Irish former monopoly Eircom last Friday published a statement for public release on its latest financial results. In it the operator said: ‘Under the terms of the EUR3.65 billion [USD4.98 billion] Senior Facilities Agreement (SFA), the company today provided its unaudited financial results for the year ending 30 June 2011 to the SFA lenders. Overall EBITDA (before exceptionals) for Q4 is in line with the overall EBITDA reported in Q3 with fixed line EBITDA for Q4 marginally ahead of Q3 and mobile EBITDA for Q4 significantly lower than Q3. Exceptional items primarily comprise a provision of EUR129 million in relation to the estimated costs associated with the previously announced plans for workforce reductions of approximately 1,000 people over the coming twelve to 18 months (of which to date c500 people are confirmed leavers). Cash capital expenditure for the twelve month period ended 30 June 2011 was EUR163 million, in-line with the guidance given during the Q3 results announcement. The cash balance as at 30 June 2011 was EUR459 million. In addition, in accordance with eEircom’s normal year-end procedures and the relevant accounting standards, eircom has undertaken a review of the carrying value of the goodwill and other non-current assets recognised in its consolidated balance sheet. This has resulted in an impairment of the goodwill balance of approximately EUR1.3 billion. This impairment reflects an increase in the discount rates used in the carrying value assessment, together with the deterioration in the Irish economic environment and outlook for the business, since the assets were last assessed in June 2010. It should be noted that this is a non-cash accounting adjustment’. The statement went on to say that it is the operator’s intention to release the audited report and accounts in accordance with its reporting obligations under the terms of the Senior Notes and Senior PIK Notes.

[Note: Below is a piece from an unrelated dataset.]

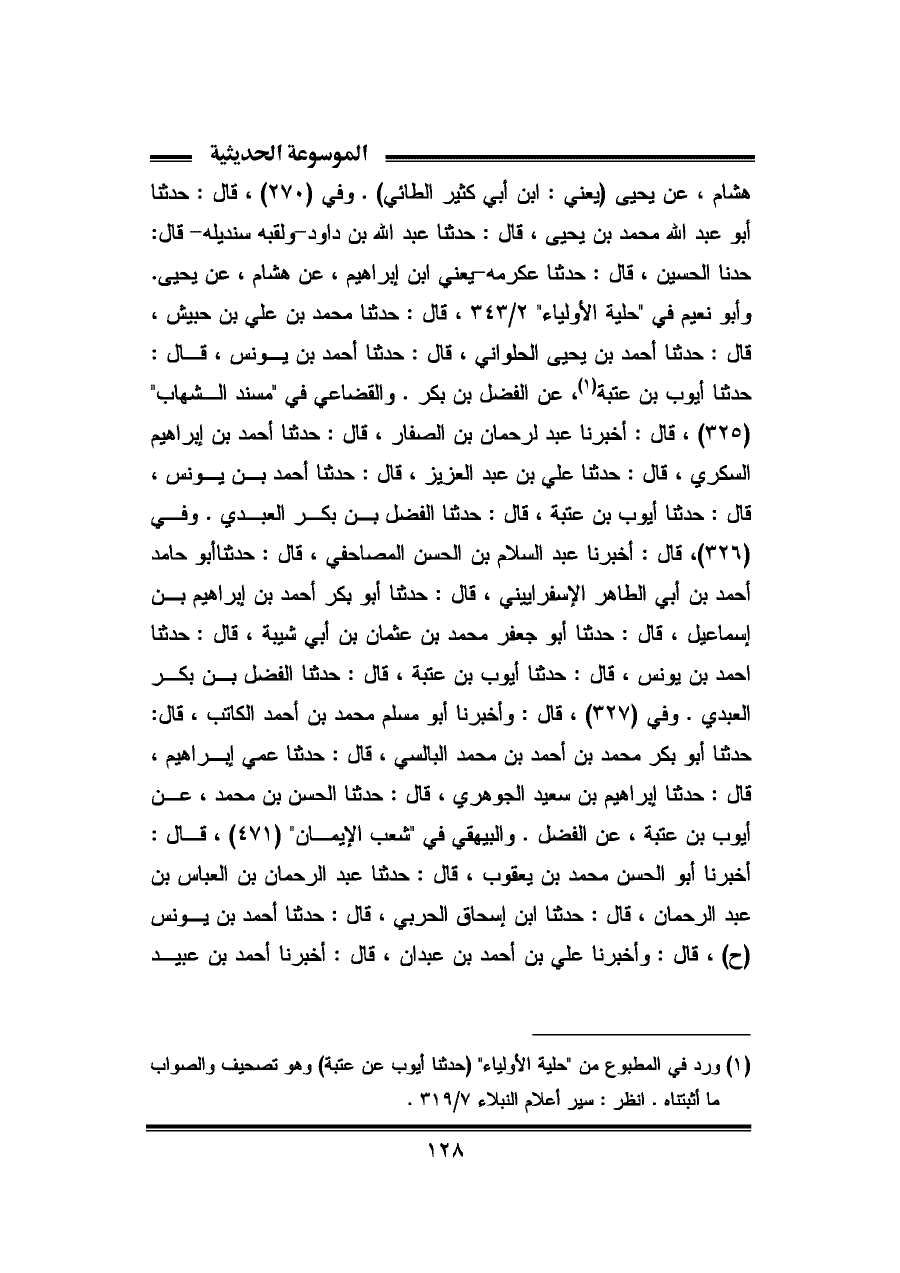هشام، عن يحيى (يعني: ابن أبي كثير الطائي). وفي (٢٧٠)، قال: حدثنا أبو عبد الله محمد بن يحيى، قال: حدثنا عبد الله بن داود -ولقبه سنديله- قال: حدثنا الحسين، قال: حدثنا عكرمة يعنى ابن إبراهيم، عن هشام، عن يحيى. وأبو نعيم في "حلية الأولياء" ٢/ ٣٤٣، قال: حدثنا محمد بن علي بن حبيش، قال: حدثنا أحمد بن يحيى الحلواني، قال: حدثنا أحمد بن يونس، قال: حدثنا أيوب بن عتبة (¬١)، عن الفضل بن بكر. والقضاعي في "مسند الشهاب" (٣٢٥)، قال: أخبرنا عبد الرحمان بن الصفار، قال: حدثنا أحمد بن إبراهيم السكري، قال: حدثنا علي بن عبد العزيز، قال: حدثنا أحمد بن يونس، قال: حدثنا أيوب بن عتبة، قال: حدثنا الفضل بن بكر العبدي. وفي (٣٢٦)، قال: أخبرنا عبد السلام بن الحسن المصاحفي، قال: حدثنا أبو حامد أحمد بن أبي الطاهر الإسفراييني، قال: حدثنا أبو بكر أحمد بن إبراهيم بن إسماعيل، قال: حدثنا أبو جعفر محمد بن عثمان بن أبي شيبة، قال: حدثنا أحمد بن يونس، قال: حدثنا أيوب بن عتبة، قال: حدثنا الفضل بن بكر العبدي. وفي (٣٢٧)، قال: وأخبرنا أبو مسلم محمد بن أحمد الكاتب، قال: حدثنا أبو بكر محمد بن أحمد بن محمد البالسي، قال: حدثنا عمي إبراهيم، قال: حدثنا إبراهيم بن سعيد الجوهري، قال: حدثنا الحسن بن محمد، عن أيوب بن عتبة، عن الفضل. والبيهقي في "شعب الإيمان" (٤٧١)، قال: أخبرنا أبو الحسن محمد بن يعقوب، قال: حدثنا عبد الرحمان بن العباس بن عبد الرحمان، قال: حدثنا ابن إسحاق الحربي، قال: حدثنا أحمد بن يونس (ح)، قال: وأخبرنا علي بن أحمد بن عبدان، قال: أخبرنا أحمد بن عبيد

Meanwhile, the Irish Independent newspaper writes that earnings at Eircom’s mobile business, including subsidiary Meteor, were ‘significantly’ down in the fourth-quarter ended 30 June 2011, compared with the previous three months. The paper reports that Eircom has also written off EUR1.3 billion of the value of the group due to the poor outlook for the business and the wider Irish economy.
It is understood that Eircom’s public disclorure comes as its lenders consider a plan to strike a deal that will help the troubled PTO avoid breaching debt covenants in return for paying senior lenders a one-off fee of around EUR13.5 billion. Unnamed sources with knowledge of the negotiations predict that the majority of Eircom’s approximately 200 senior lenders – holding EUR2.75 billion of its debt – will agree a deal by next Tuesday. A two-thirds majority is required for the covenant waiver to be adopted. Following this, Eircom will have three months or so to finalise its restructuring proposals, which could see it writing off as much as EUR1 billion of debt in return for an injection of EUR300 million from investors, including shareholders Singapore Technologies Telemedia (STT) and the Employee Share Ownership Trust (ESOT).